The popularity of Queensland as a tourism destination has also meant companies such as Buderim Ginger can offer their working facilities as a tourism destination.

As well as processing a wide range of ginger-based products for the domestic and overseas markets, the Yandina facility has been developed as a tourist hot-spot that includes a restaurant and shop.

Another well-known Australian processor that calls Queensland home is Golden Circle. It began operating in 1947 on a 16.5ha site in Brisbane.

It remains an unlisted public company that is owned by 700 Australian farmers that supply more than 180,000 tonnes of fruit and vegetables every year to the factory now located in the North of Brisbane.

Pineapple is the company’s largest raw material, and this is sourced from Queensland’s Sunshine Coast hinterland, Maryborough, Yeppoon and further north.

Most of the company’s vegetable crops are sourced from the Lockyer Valley region south of Brisbane.

Any crops not grown in Queensland are sourced from the southern states for processing.

Paul Ritchie also believes that Australian consumers are demanding more “natural and healthy” products. Processors that have are based in Queensland or have set up facilities there will be well placed to take advantage of the fresh fruit and vegetables that are abundant in the state.

Figures suggest that investment in Queensland’s food and beverage industry is on the increase, whether due to the fact that many of its ports are just a hop, skip and a jump from lucrative export markets, the abundance of raw materials that are being grown across the different climate zones, or the favourable economic climate.
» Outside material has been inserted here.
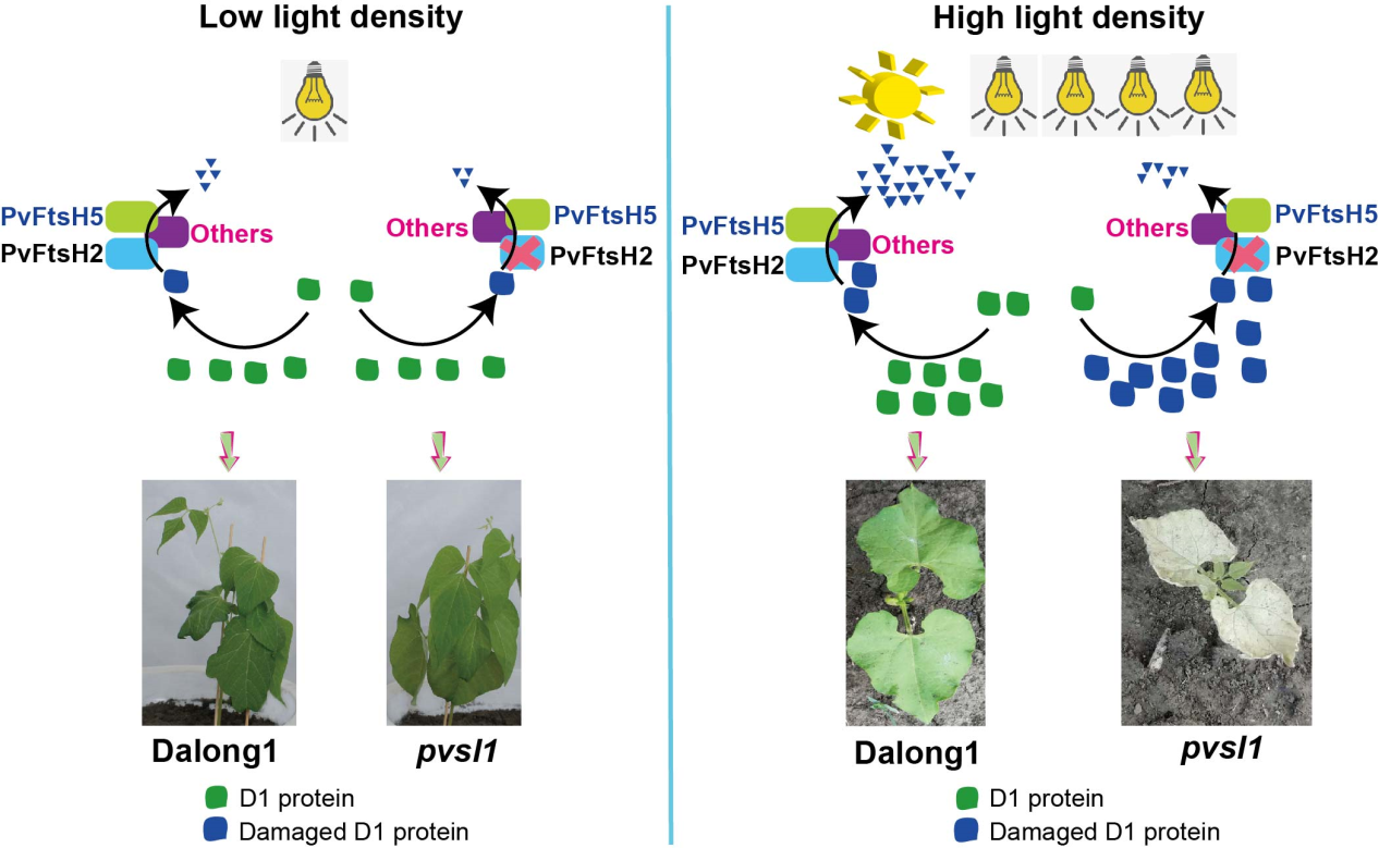 東北地理所夏正俊課題組在Horticulture Research上發(fā)表了題為A critical role of PvFtsH2 in the degradation of photodamaged D1 protein in common bean的研究論文。本研究以中國菜豆品種大龍1號為背景材料,在60Co輻射創(chuàng)制突變體材料中發(fā)現(xiàn)一幼苗致死的pvsl1突變體,該突變體出苗后在田間或高光強(qiáng)下2周內(nèi)死亡;在溫室中低光強(qiáng)下則表現(xiàn)為失綠表型,還可正常開花結(jié)實。經(jīng)INDEL分子標(biāo)記將PvSL1候選基因定位在2號染色體53.7 kb區(qū)域內(nèi),候選基因Phvul.002G190900的CDS區(qū)域在pvsl1突變體中發(fā)生了1 bp的缺失,導(dǎo)致蛋白翻譯提前終止。Phvul.002G190900基因(PvFtsH2)的表達(dá)量隨光強(qiáng)增強(qiáng)而上調(diào),在pvsl1突變體中其表達(dá)量明顯下調(diào)。pvsl1突變體中PvFtsH2蛋白功能的喪失導(dǎo)致高光強(qiáng)下受損傷的D1蛋白不能被及時降解清除、造成PSⅡ的不可逆損害,使得光合作用能力下降、葉片細(xì)胞死亡,進(jìn)而引致植株整體死亡。在pvsl1突變體中PvFtsH5和PvFtsH8的表達(dá)量上調(diào),暗示其他FtsH家族成員亦具有部分補(bǔ)償PvFtsH2降解清除光損傷D1蛋白的能力,使得pvsl1突變體在低光強(qiáng)下能夠完成營養(yǎng)生殖生長。該研究結(jié)果揭示了PvFtsH2蛋白對確保菜豆光合系統(tǒng)在強(qiáng)光下正常運轉(zhuǎn)發(fā)揮著重要的功能。

And many well-known names such as Nestle, Dairy Farmers, Smiths Snackfood, Paradise Food Industries, Australia Meat Holdings, Bundaberg Sugar, Darling Downs and George Weston are already taking advantage of the Sunshine State’s hospitality.

Add to this the growing number of boutique manufacturers also opening up shop to cater for the changing and increasing needs of the population, and the State’s food and beverage manufacturing sector is set to continue to grow.